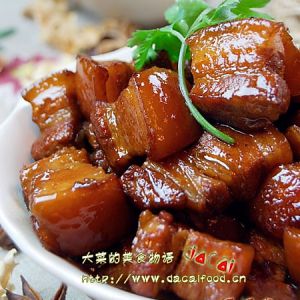 锅洗净,放入1汤匙(15ml)的油,放入冰糖煮化,待冰糖液颜色变深时,倒入炒过的五花肉块,翻炒均匀。
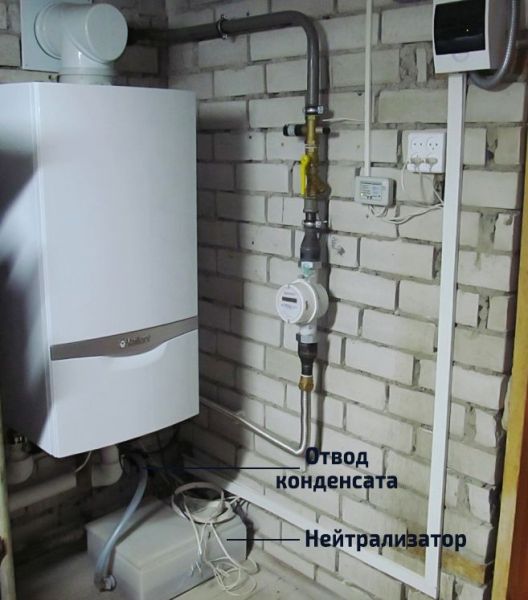 Ако котелът е инсталиран в къща с септична яма или VOC, тогава кондензатът трябва първо да бъде неутрализиран. В противен случай ще унищожи цялата микрофлора в автономна система за пречистване.
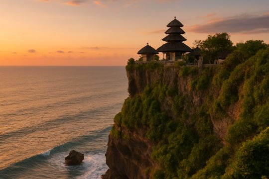 乌鲁瓦图寺(Pura Luhur Uluwatu)是巴厘岛神圣的海上寺庙之一,雄伟地矗立在印度洋上方70米的陡峭悬崖上。这座拥有数百年历史的寺庙坐拥壮丽的海景,尤其是在日落时分。游客可以探索寺庙内部,欣赏标志性的凯恰克火舞等文化表演,并观察寺庙里的猴子。乌鲁瓦图不仅仅是一个宗教圣地,更是巴厘岛精神遗产和自然美景的象征。
..............................
* [Activity]: Lines from the one holding "Ако котелът е" to the end of the data, both ends included, are to be given again exactly; no pictures belong in the copy.

* [Solution below]:
 Ако котелът е инсталиран в къща с септична яма или VOC, тогава кондензатът трябва първо да бъде неутрализиран. В противен случай ще унищожи цялата микрофлора в автономна система за пречистване.
 乌鲁瓦图寺(Pura Luhur Uluwatu)是巴厘岛神圣的海上寺庙之一,雄伟地矗立在印度洋上方70米的陡峭悬崖上。这座拥有数百年历史的寺庙坐拥壮丽的海景,尤其是在日落时分。游客可以探索寺庙内部,欣赏标志性的凯恰克火舞等文化表演,并观察寺庙里的猴子。乌鲁瓦图不仅仅是一个宗教圣地,更是巴厘岛精神遗产和自然美景的象征。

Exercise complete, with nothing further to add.